Did you know there are financial indicators that can give clues about a potential multi-bagger? In particular, there are two things to look out for. First, return Return on Invested Capital (ROCE) and secondly, the company’s amount This is the ratio of invested capital to total capital. Essentially, this means that a company can continually reinvest in profitable endeavors. This is the hallmark of a compound interest machine. data dog (NASDAQ:DDOG) and its ROCE trend, we really liked what we saw.
What is return on invested capital (ROCE)?
For those of you who haven’t used ROCE before, it measures the “return on investment” (profit before tax) a company generates from the capital employed in its business. The formula for calculating it in Datadog is:
Return on invested capital = Earnings before interest and tax (EBIT) ÷ (Total assets – Current liabilities)

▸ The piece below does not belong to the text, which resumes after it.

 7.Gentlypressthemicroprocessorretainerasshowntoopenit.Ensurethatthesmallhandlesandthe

0.0043 = US$14 million ÷ (US$4.1 billion – US$973 million) (Based on the previous 12 months to March 2024).
So, Datadog’s ROCE is 0.4%. In absolute terms, this is a low return, below the software industry average of 7.1%.

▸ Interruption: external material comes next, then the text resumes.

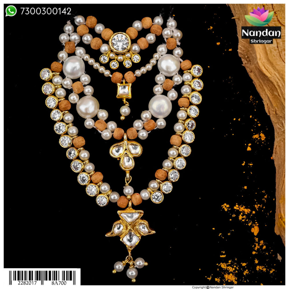 Product ke hisaab se material hota hai jaise AD, real pearl, kundan, silver polish, meenakari, etc. Detail product description me di hoti hai.

Read Datadog’s latest analysis
In the chart above, you can see how Datadog’s current ROCE compares to its historical return on equity, but the past can only tell you so much.If you’re interested, check out our analyst forecasts. free Datadog Analyst Report.
What are the return trends like?
Datadog has been profitable recently, so it appears that previous investments are paying off. The company was in the red five years ago, but now its profit is an eye-watering 0.4%. Not only that, the company is leveraging his 2,894% more capital than before, which is not surprising for a company trying to ensure profitability. This indicates that the company has plenty of reinvestment opportunities that can generate higher returns.
In another part of our analysis, we noticed that the company’s current liabilities to total assets ratio has decreased to 23%. This means that companies are no longer dependent on suppliers and short-term creditors to finance their operations. So shareholders will be pleased to see that the increase in profits is mainly due to underlying performance.
Important points
Simply put, we’re happy to see Datadog’s reinvestment efforts are paying off and the company is profitable. The company’s stock has also returned 34% of his profits to shareholders over the past three years, so investors seem to expect this trend to continue. So, given that the company’s stock has proven to be on an encouraging trend, it’s worth researching the company further to see if this trend continues.
If you want to know about the risks Datadog faces, here’s what we’ve discovered: 2 warning signs Here’s what you need to know.
For those who want to invest solid company, check this out free A list of companies with strong balance sheets and high return on equity.
Valuation is complicated, but we can help make it simple.
Check out our comprehensive analysis, including the following, to see if Datadog is potentially overvalued or undervalued. Fair value estimates, risks and caveats, dividends, insider trading, and financial health.
See free analysis
Have feedback about this article? Concerns about the content? contact Please contact us directly. Alternatively, send an email to the editorial team at: simplywallst.com
This article by Simply Wall St is general in nature. We use only unbiased methodologies to provide commentary based on historical data and analyst forecasts, and our articles are not intended as financial advice. It is not a recommendation to buy or sell stocks, and does not take into account your objectives, or your financial situation. We seek to provide long-term focused analysis driven by fundamental data. Note that our analysis may not take into account the latest price sensitive company announcements or qualitative material. Simply Wall St has no position in any of the stocks mentioned.